Audio Barlow Twins: Self-Supervised Audio Representation Learning
Jonah Anton, Harry Coppock, Pancham Shukla, Bjorn W.Schuller

TL;DR
Audio Barlow Twins introduces a self-supervised learning method for audio that adapts the Barlow Twins approach from vision, achieving state-of-the-art results on diverse audio tasks without negative samples.
Contribution
It presents a novel adaptation of Barlow Twins for audio, enabling effective self-supervised learning on large-scale audio data without negative samples.
Findings
Outperforms existing self-supervised audio methods on multiple tasks.

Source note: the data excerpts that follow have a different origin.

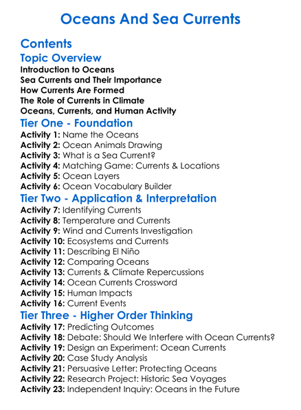 Oceans And Sea Currents Worksheet Activity Booklet
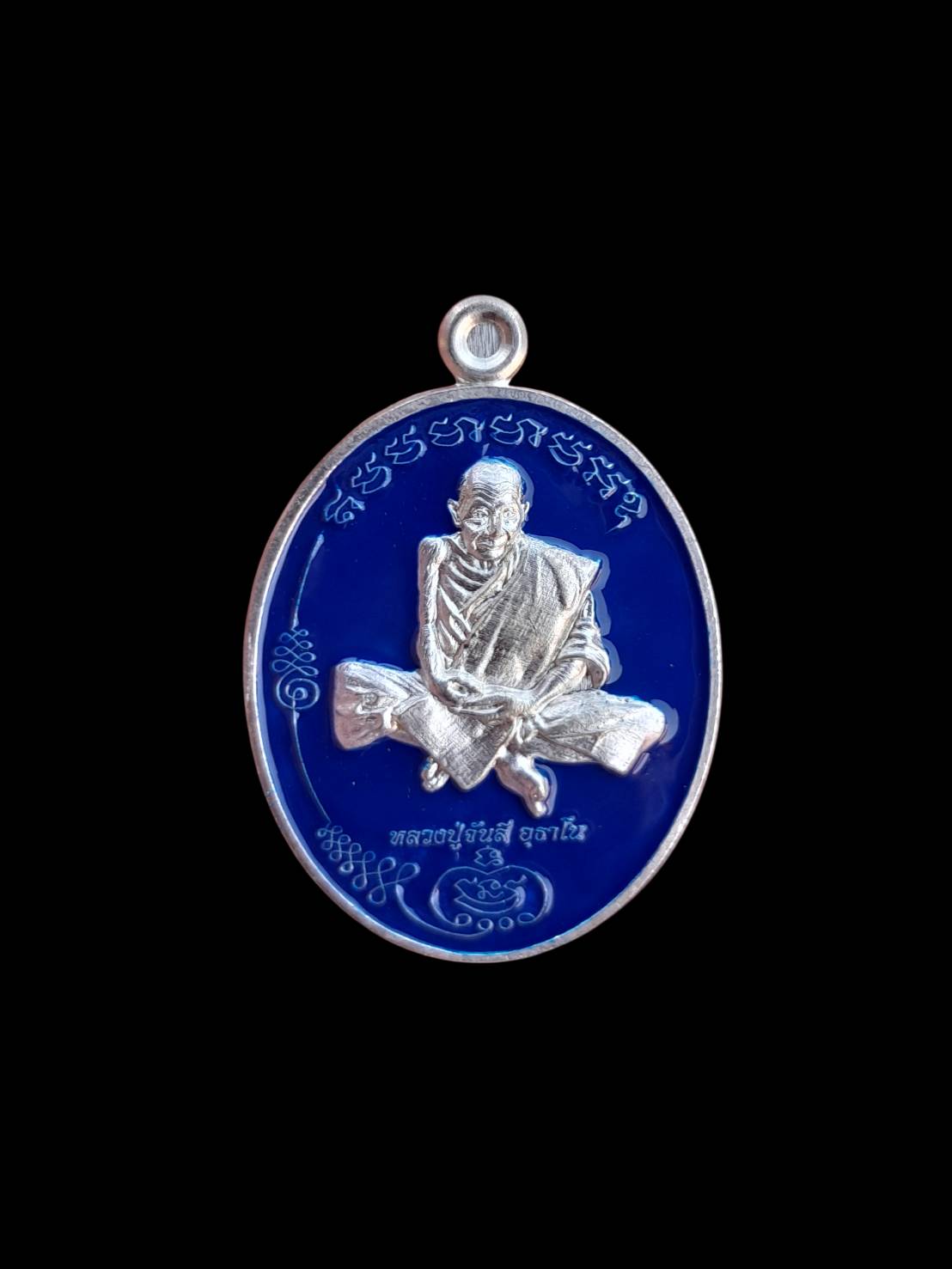 เหรียญมนต์พระกาฬปี61 หลวงปู่จันลี นครพนม เนื้อเงินลงยาน้ำเงิน เคาะเดียวแดง
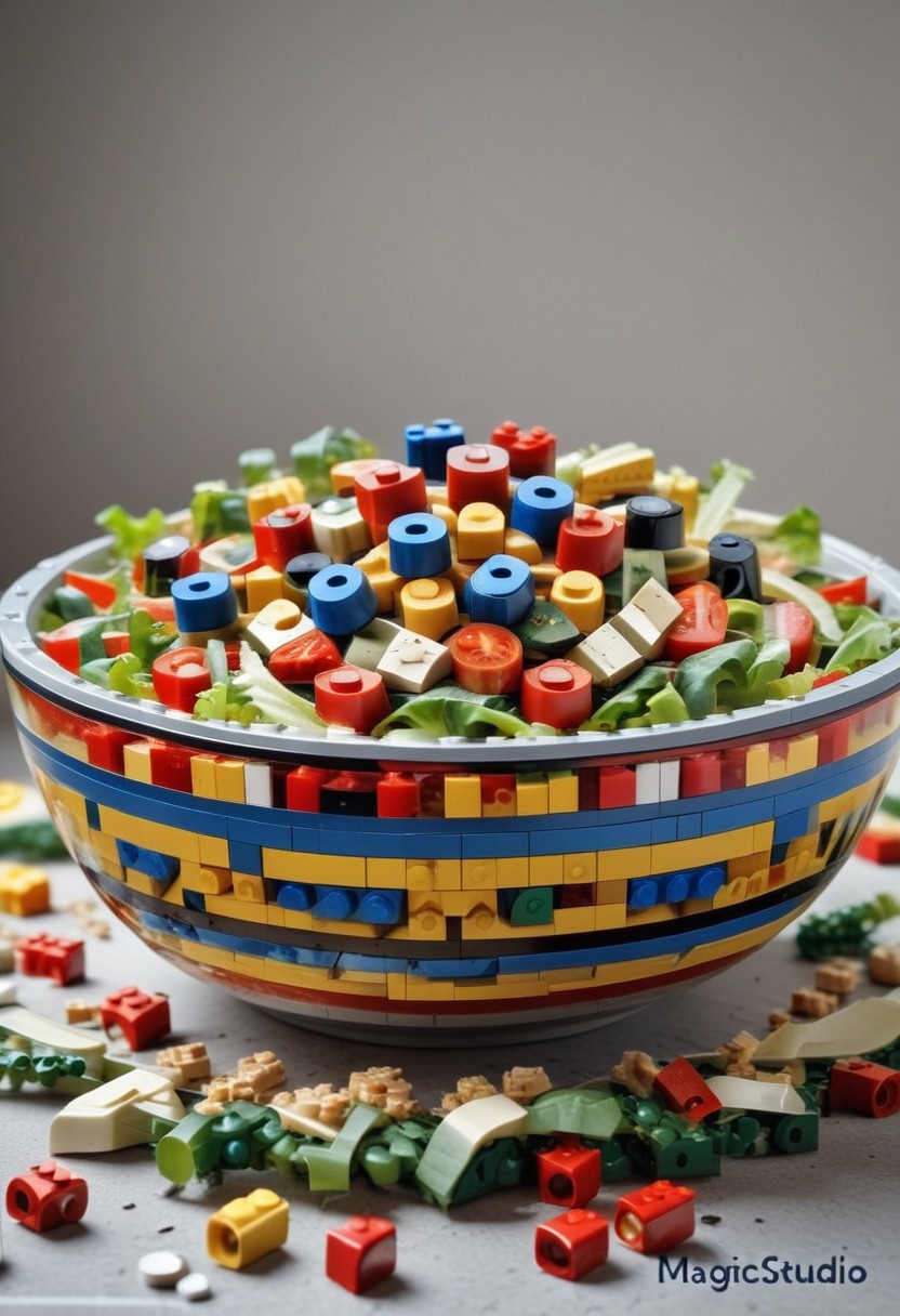 LEGO, depth of field, bokeh, 4K, HDR. hyper realistic, (absurd res:1.1), beautiful lighting, score_9, score_8_up, score_7_up, score_6_up, masterpiece, high quality, (best quality:1.1), (salad made from lego:2).

Achieves results comparable to state-of-the-art supervised methods.
Demonstrates effectiveness of the Barlow Twins approach in the audio domain.
Abstract
The Barlow Twins self-supervised learning objective requires neither negative samples or asymmetric learning updates, achieving results on a par with the current state-of-the-art within Computer Vision. As such, we present Audio Barlow Twins, a novel self-supervised audio representation learning approach, adapting Barlow Twins to the audio domain. We pre-train on the large-scale audio dataset AudioSet, and evaluate the quality of the learnt representations on 18 tasks from the HEAR 2021 Challenge, achieving results which outperform, or otherwise are on a par with, the current state-of-the-art for instance discrimination self-supervised learning approaches to audio representation learning. Code at https://github.com/jonahanton/SSL_audio.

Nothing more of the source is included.